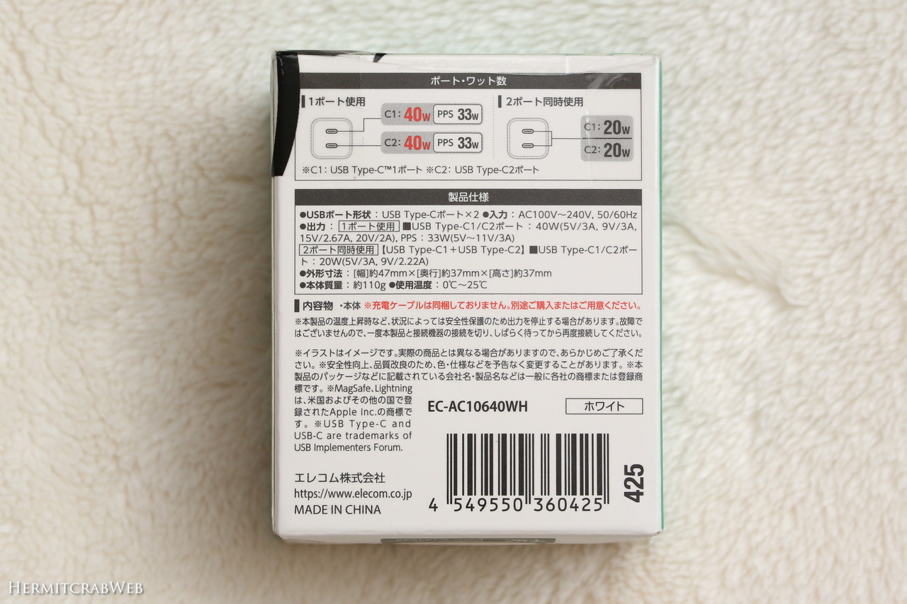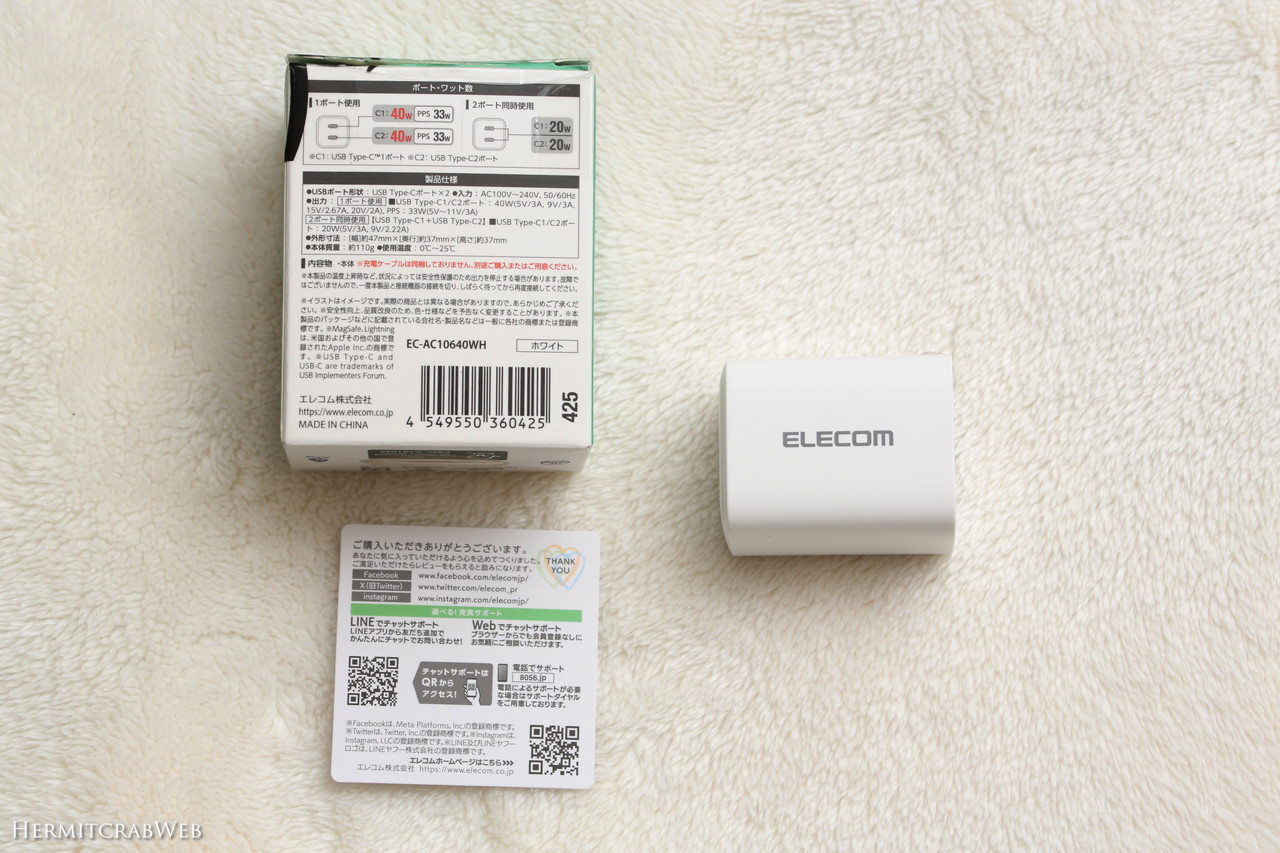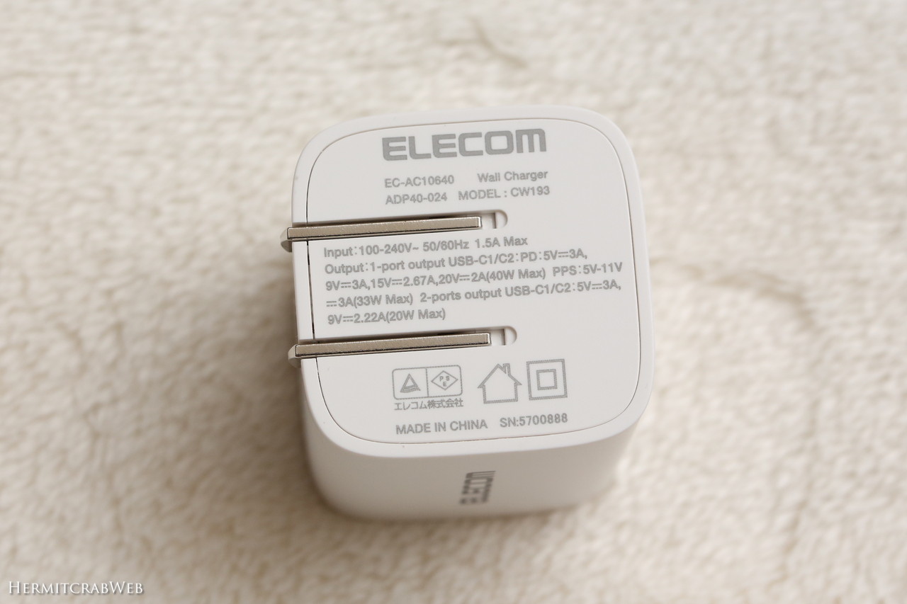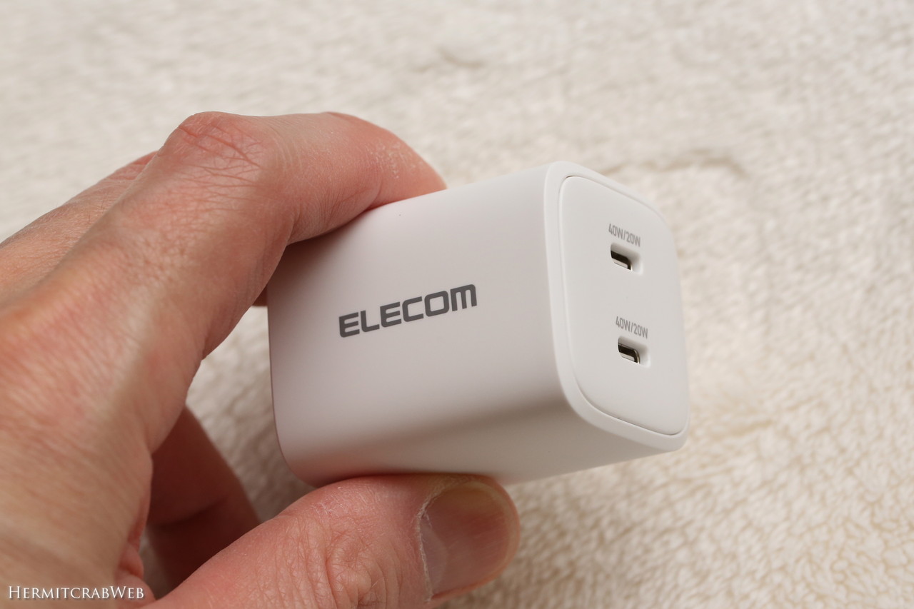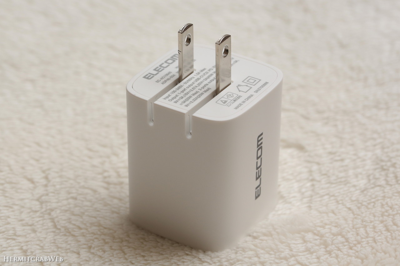 EC-AC10640WHは最大40W出力なので、手持ちのノートパソコンへの給電には力不足です(Macbookには充電できるそうですが)。この充電器は、高齢親の実家に持っていこうと考えています。
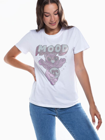 T-shirt pérola com encaixe de folhos em ganga e flores bordadas. T-shirt manga cava para senhora com decote redondo.
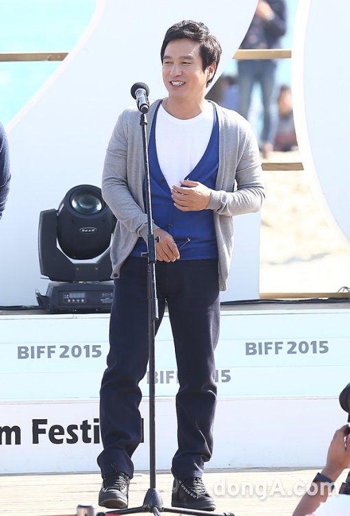 조재현 감독이 3일 오후 부산 해운대 비프빌리지에서 열린 영화 ‘나홀로 휴가’ 야외무대인사에 참석해 인사를 하고 있다.
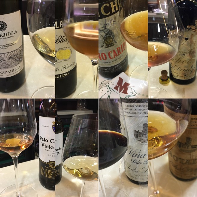 And just when I thought I was going to make my train with relative ease the final, exceptional treat: a little, very old bottle of Domecq’s Amontillado Botaina. A little cracker that was amber gold in colour – much lighter in colour than the finos – and in absolutely perfect condition, with hay bales and vinegary toffee in the nose and a superb combination of zing, acidity and sapidity on the palate. Absolutely superb, and there were tears in my eyes as I swigged it down and headed out, dazed and a little awed, in search of a taxi.
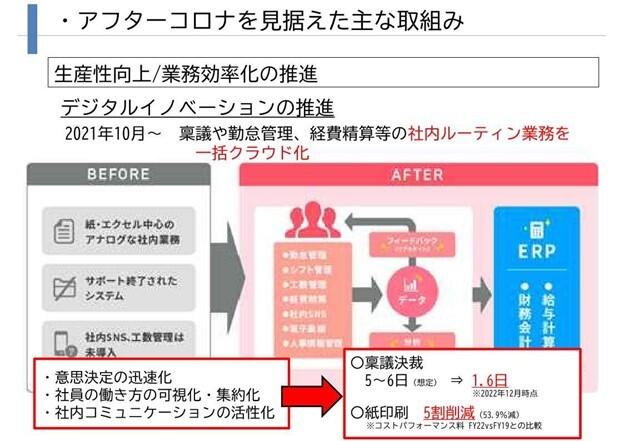 さらに抜本的な経営改革を行うために、働き方の見直しや組織・人員体制の再構築などにも取り組んでいく。いかに省力化を進め、収益構造を強固にするかという課題に対し、積極的なデジタル推進に取り組んでいったという。
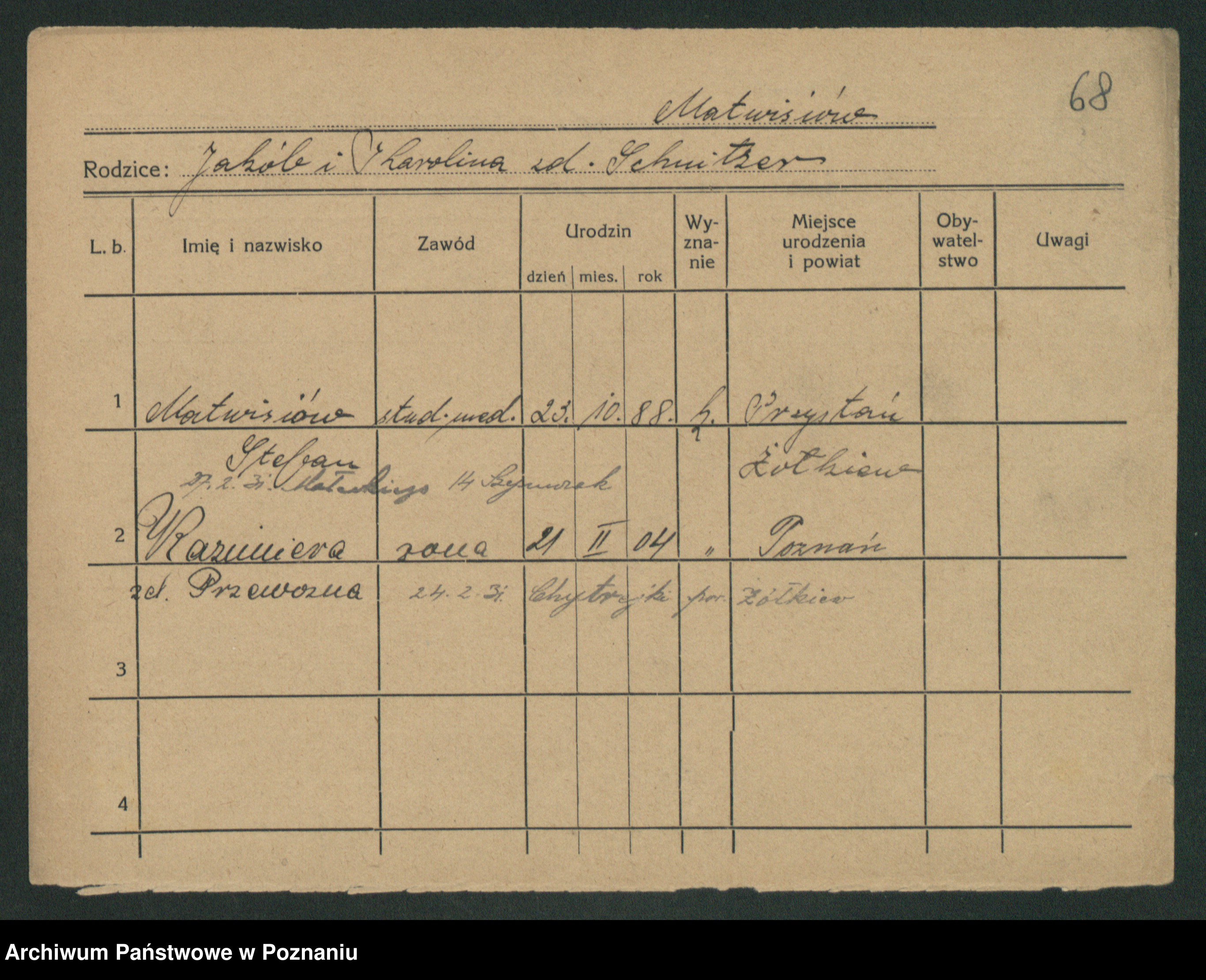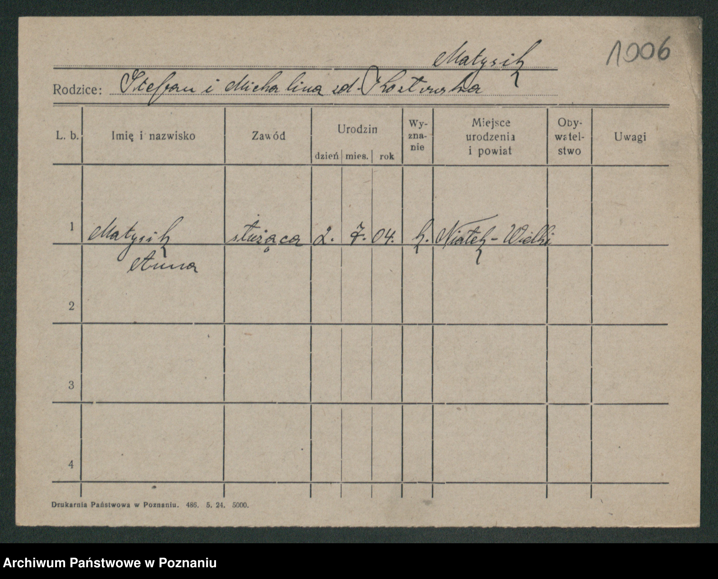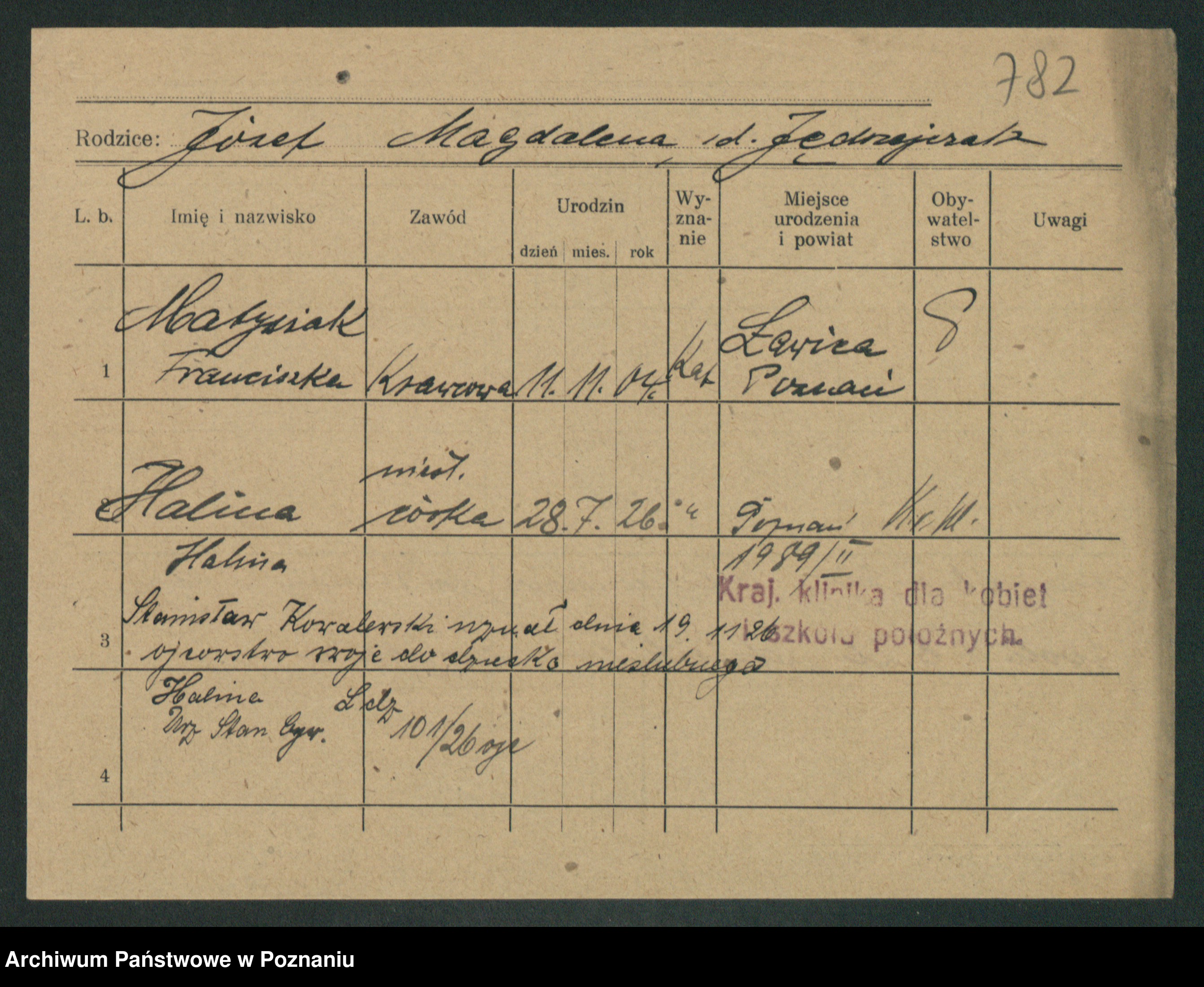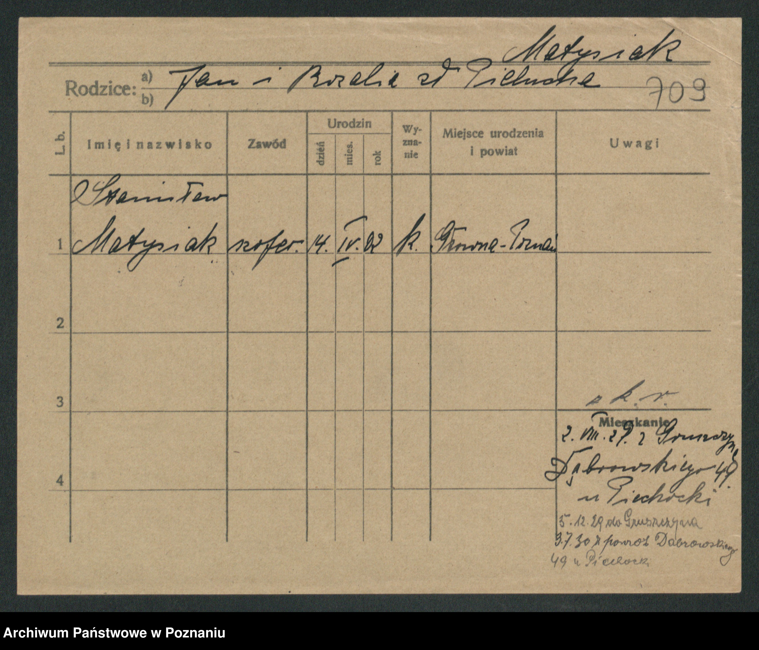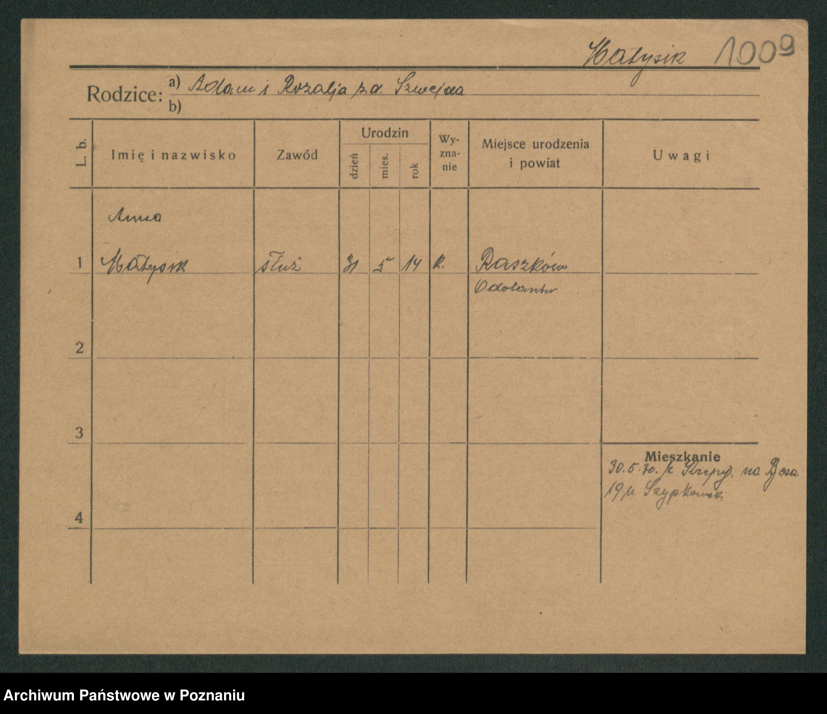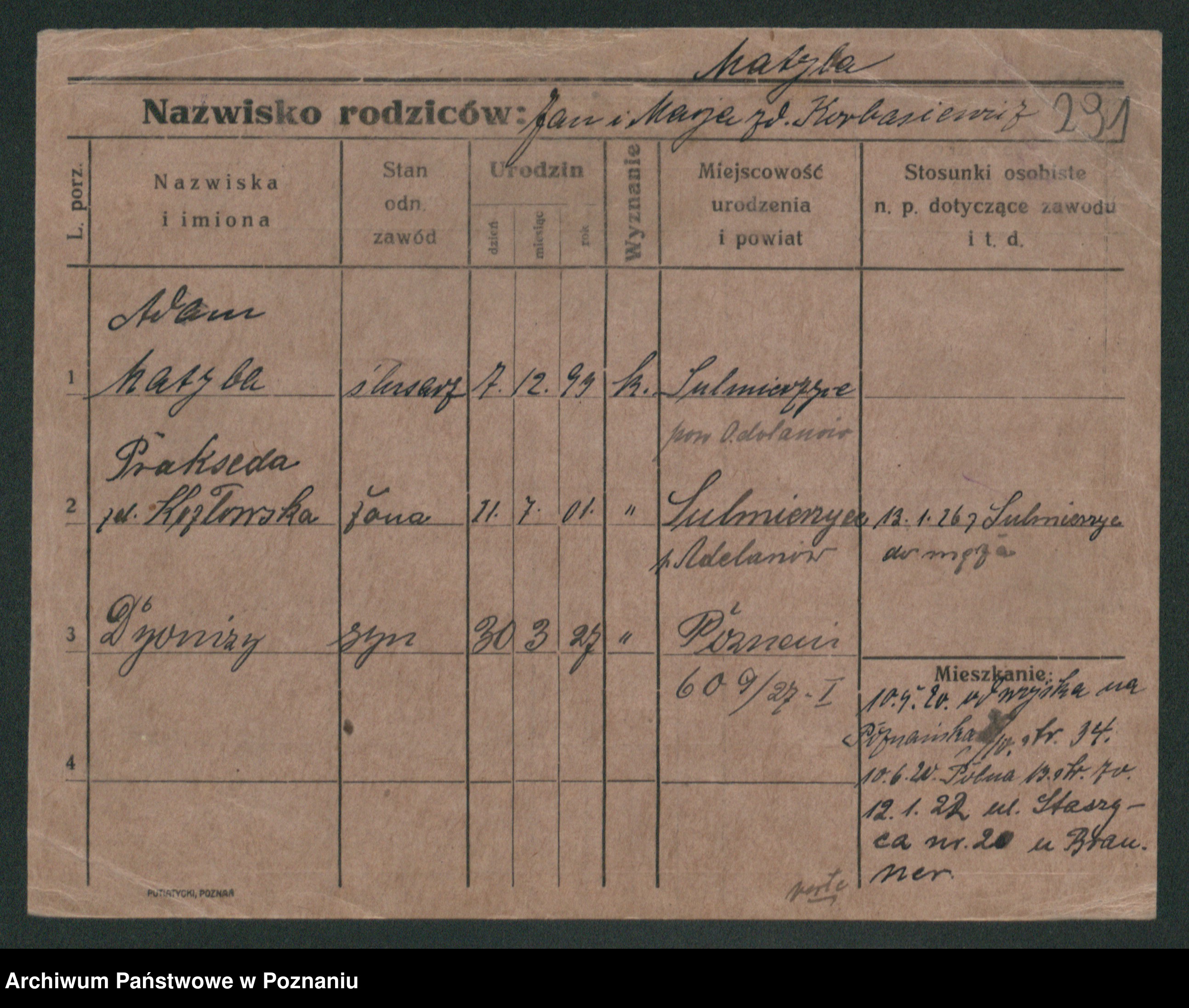 Podgląd karty osobowej dostępny jest po kliknięciu na nazwisko lub ikonkę karty. Można dokonywać powiększenia (ikony na górze) lub przechodzić między kolejnymi skanami (strzałki po bokach).
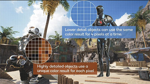 関連記事)を参照してほしいのだが,簡単に説明すると,簡単に説明すると,シェーダで計算するピクセルの解像度を必要に応じて変更しながら描画することで,画像処理の負荷を軽減するものだ。

########

Would you retype all the lines shown above, exactly as written and without any picture?

 EC-AC10640WHは最大40W出力なので、手持ちのノートパソコンへの給電には力不足です(Macbookには充電できるそうですが)。この充電器は、高齢親の実家に持っていこうと考えています。
 T-shirt pérola com encaixe de folhos em ganga e flores bordadas. T-shirt manga cava para senhora com decote redondo.
 조재현 감독이 3일 오후 부산 해운대 비프빌리지에서 열린 영화 ‘나홀로 휴가’ 야외무대인사에 참석해 인사를 하고 있다.
 And just when I thought I was going to make my train with relative ease the final, exceptional treat: a little, very old bottle of Domecq’s Amontillado Botaina. A little cracker that was amber gold in colour – much lighter in colour than the finos – and in absolutely perfect condition, with hay bales and vinegary toffee in the nose and a superb combination of zing, acidity and sapidity on the palate. Absolutely superb, and there were tears in my eyes as I swigged it down and headed out, dazed and a little awed, in search of a taxi.
 さらに抜本的な経営改革を行うために、働き方の見直しや組織・人員体制の再構築などにも取り組んでいく。いかに省力化を進め、収益構造を強固にするかという課題に対し、積極的なデジタル推進に取り組んでいったという。
 Podgląd karty osobowej dostępny jest po kliknięciu na nazwisko lub ikonkę karty. Można dokonywać powiększenia (ikony na górze) lub przechodzić między kolejnymi skanami (strzałki po bokach).
 関連記事)を参照してほしいのだが,簡単に説明すると,簡単に説明すると,シェーダで計算するピクセルの解像度を必要に応じて変更しながら描画することで,画像処理の負荷を軽減するものだ。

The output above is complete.